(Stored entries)
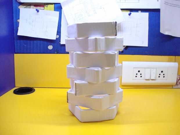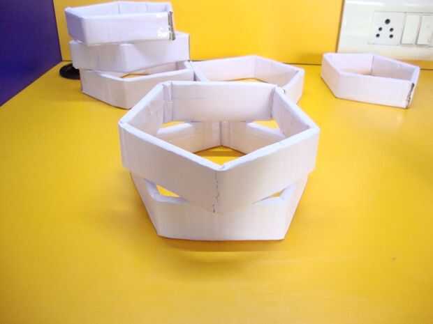 Se pegan todos los pentágonos uno sobre el otro. Asegúrese de que el borde de un Pentágono debe estar en la parte media del lado de otro Pentágono. Lo mismo para todas las demás y péguelos alternativamente. Se refieren a la imagen de arriba para obtener instrucciones.
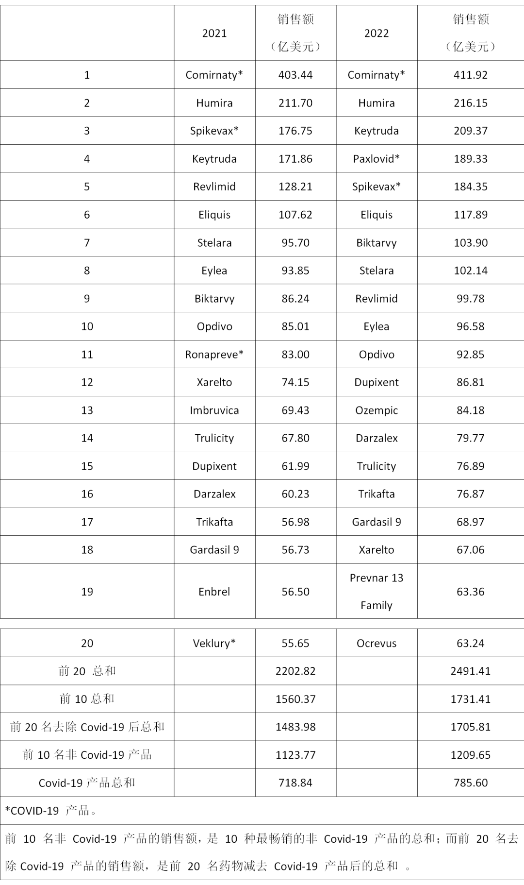 2021 年和 2022 年最畅销的药物图1显示了除 Covid-19 产品外的前 10 种最畅销药物。图2则给出了最畅销的Covid-19 疫苗和疗法。
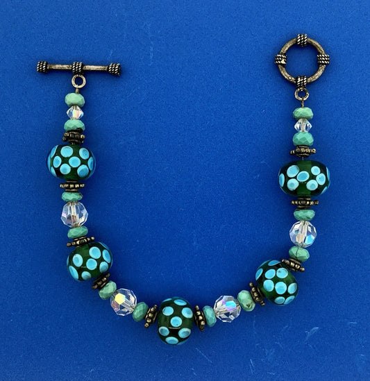 Vintage 925 Sterling Silver Turquoise Art Glass Crystal Bead Toggle Bracelet
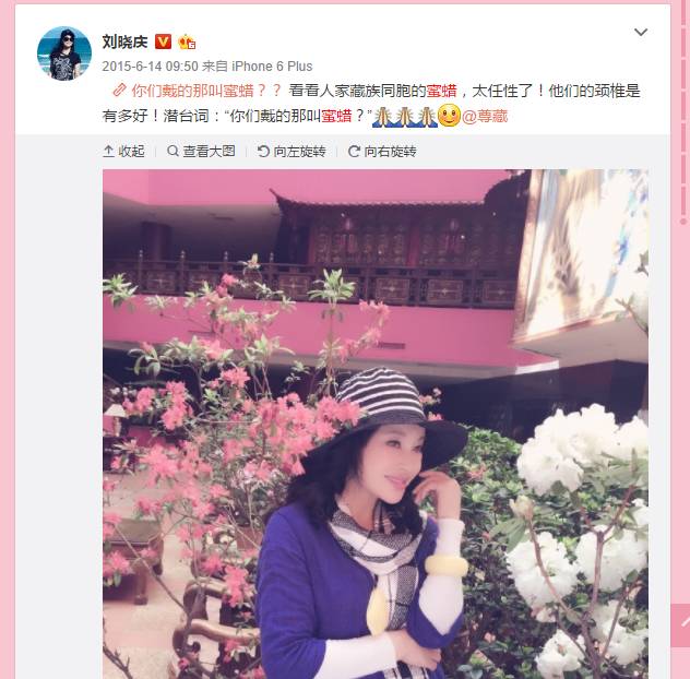 关注刘晓庆的人一定都知道,刘晓庆平时最爱佩戴和收藏的,当属蜜蜡了。而刘晓庆在网络上也非常活跃,经常分享生活的同时,也多次表示自己对蜜蜡前景的看好。
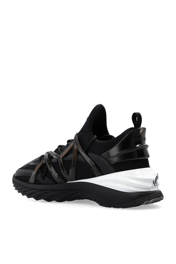 Black ‘Cosmos’ sneakers from Jimmy Choo. Made of neoprene and leather, this lace-up pair features decorative futuristic trims, raised logo, white heel counter and black rubber sole.
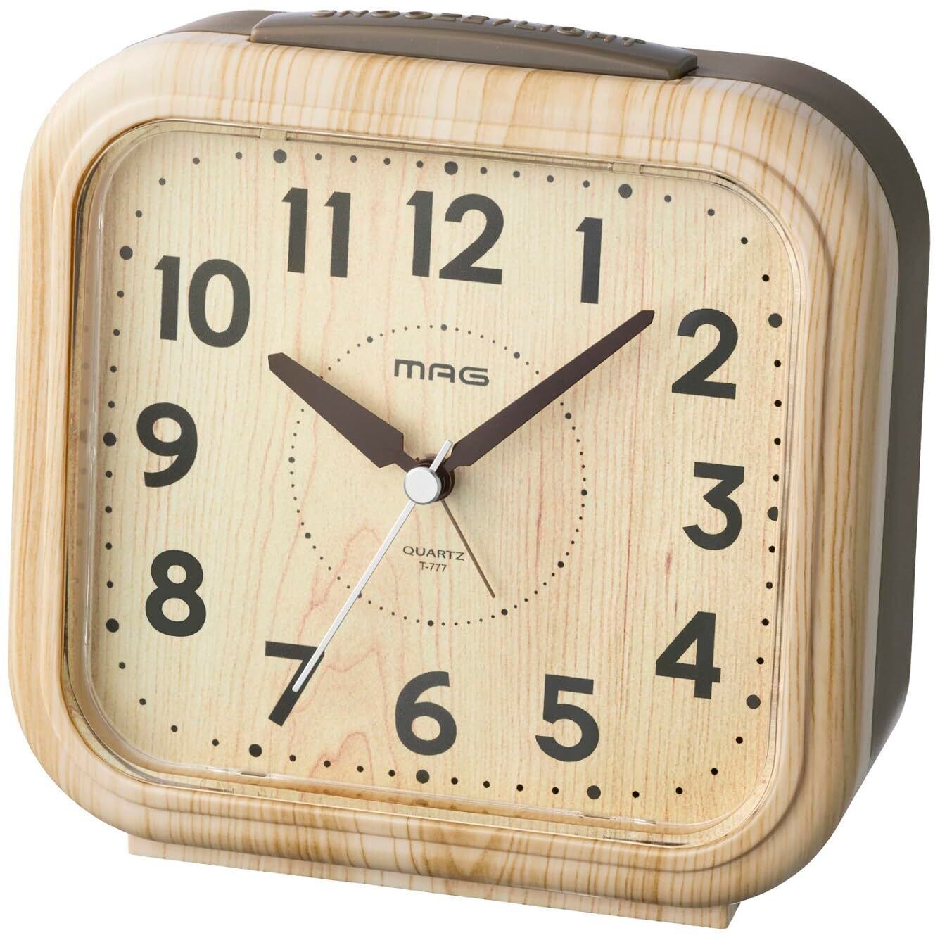 MAG(マグ) 目覚まし時計 置き時計 おしゃれ インテリア アナログ 静音 連続秒針 電子音 アラーム スヌーズ ライト ナチュラル 木目 グレイン T-777A N-Z ノア精密
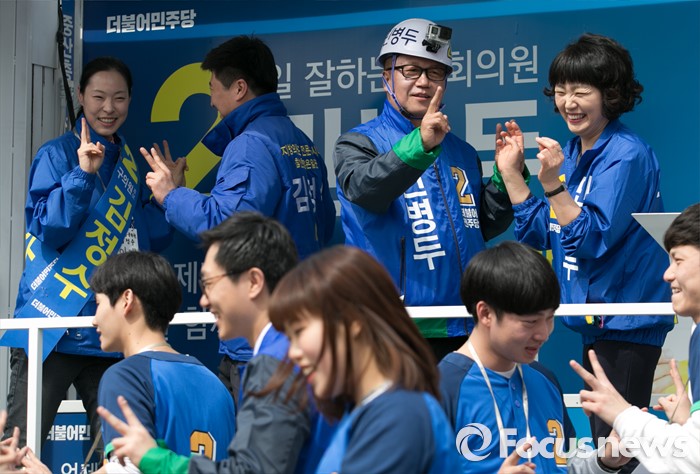 (서울=포커스뉴스) 20대 총선 공식선거 운동이 시작된 31일 오전 서울 장안동사거리에서 열린 민병두 더불어민주당 동대문을 후보 출정식에 참석한 민(오른쪽) 후보 내외와 김정수 동대문구마 구의원 후보 내외가 율동을 따라하고 있다.

— Instructions for the task —
Leave out the pictures, and retype exactly the lines from the one containing "Vintage 925 Sterling" through the last line of the data above, no more and no less.

— Answer section —
 Vintage 925 Sterling Silver Turquoise Art Glass Crystal Bead Toggle Bracelet
 关注刘晓庆的人一定都知道,刘晓庆平时最爱佩戴和收藏的,当属蜜蜡了。而刘晓庆在网络上也非常活跃,经常分享生活的同时,也多次表示自己对蜜蜡前景的看好。
 Black ‘Cosmos’ sneakers from Jimmy Choo. Made of neoprene and leather, this lace-up pair features decorative futuristic trims, raised logo, white heel counter and black rubber sole.
 MAG(マグ) 目覚まし時計 置き時計 おしゃれ インテリア アナログ 静音 連続秒針 電子音 アラーム スヌーズ ライト ナチュラル 木目 グレイン T-777A N-Z ノア精密
 (서울=포커스뉴스) 20대 총선 공식선거 운동이 시작된 31일 오전 서울 장안동사거리에서 열린 민병두 더불어민주당 동대문을 후보 출정식에 참석한 민(오른쪽) 후보 내외와 김정수 동대문구마 구의원 후보 내외가 율동을 따라하고 있다.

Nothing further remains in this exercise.